11 desenvolvimento terão um aumento de sua produção de + 33,6%, ou 123,8 milhões de t, a uma taxa de + 3,3 % aa, alcançando 492,9 milhões de t em 2022, participando com 73,7% do acréscimo da produção mundial nos próximos dez anos, principalmente devido ao acréscimo da produção na Índia (29,7% do acréscimo da produção), que inclui leite de búfalo, Europa (9,3% do acréscimo da produção); China (9,0% do acréscimo da produção) e Estados Unidos (8,7% do acréscimo da produção entre e 2022). No entanto, de acordo com o relatório da OECD/FAO, quando se compara o aumento da produção de derivados lácteos entre a média e 2022, entre países desenvolvidos e em desenvolvimento, as participações são aproximadamente as mesmas, 49,0% e 51,0%, respectivamente. No que se refere aos derivados lácteos, a produção mundial de manteiga aumentará + 34,8% nos próximos dez anos, a uma taxa média anual de + 3,4% aa, evoluindo de 9,8 milhões de t, no período , para 13,3 milhões de t em 2022; a produção mundial de queijo deverá aumentar + 14,7%, a uma taxa de + 1,5% aa, evoluindo de 20,3 milhões de t para 23,3 milhões de t no mesmo período; a produção de leite em pó desnatado aumentará + 29,1%, a uma taxa de + 2,9 % aa, evoluindo de 3,61 milhões de t para 4,66 milhões de t no final do período; e a produção de leite em pó integral aumentará + 23,2 %, a uma taxa média de + 2,3 % aa, de 4,57 milhões de t, no período base de , alcançando 5,63 milhões de t em 2022 (Gráfico 10). Maria Helena Fagundes Tel.: 55 (61)

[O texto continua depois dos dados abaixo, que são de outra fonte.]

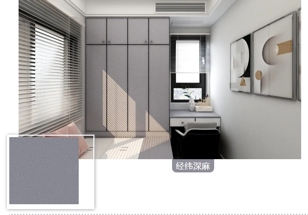 細(xì)膩的布紋宛若江南春景里的煙雨,潤物無聲,優(yōu)雅的灰色調(diào)朦朧寫意,只待雨霽空明,盡顯快意瀟灑。適宜搭配極簡、簡單的家居格調(diào)。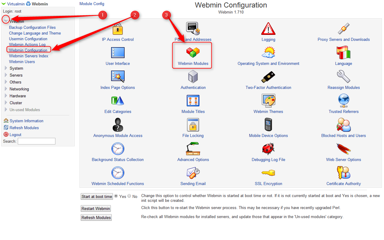 Ahora debemos incorporar el modulo de control al «webmin«, para simplificar nuestra gestión; para ello, no conectamos, con un navegador web a nuestro Virtualmin

LEITE E DERIVADOS AGOSTO / 2014 /2014/2009

LEITE E DERIVADOS AGOSTO / 2014 /2014/2009 LEITE E DERIVADOS AGOSTO / 2014 /2014/2009 1. Mercado nacional 1.1 Preços pagos ao produtor Os preços nominais médios brutos 1 pagos ao produtor em agosto, ponderados pela produção, dos sete estados pesquisados

Leia mais

LEITE E DERIVADOS NOVEMBRO / 2015

LEITE E DERIVADOS NOVEMBRO / 2015 LEITE E DERIVADOS NOVEMBRO / 2015 1. Mercado nacional 1.1 Preços pagos ao produtor O preço nominal médio bruto 1 pago ao produtor em novembro, média nacional ponderada pela produção dos sete estados pesquisados

Leia mais

LEITE E DERIVADOS SETEMBRO / 2014 /2014/2009

LEITE E DERIVADOS SETEMBRO / 2014 /2014/2009 LEITE E DERIVADOS SETEMBRO / 2014 /2014/2009 1. Mercado nacional 1.1 Preços pagos ao produtor Os preços nominais médios brutos 1 pagos ao produtor em setembro, ponderados pela produção, dos sete estados

Leia mais

LEITE E DERIVADOS JULHO / 2015

LEITE E DERIVADOS JULHO / 2015 LEITE E DERIVADOS JULHO / 2015 1. Mercado nacional 1.1 Preços pagos ao produtor Os preços nominais médios brutos 1 pagos ao produtor em ho, ponderados pela produção, dos e estados pesquisados pelo Centro

Leia mais

Conab Companhia Nacional de Abastecimento SGAS 901 Conjunto A Lote Brasília-DF Tel: (61)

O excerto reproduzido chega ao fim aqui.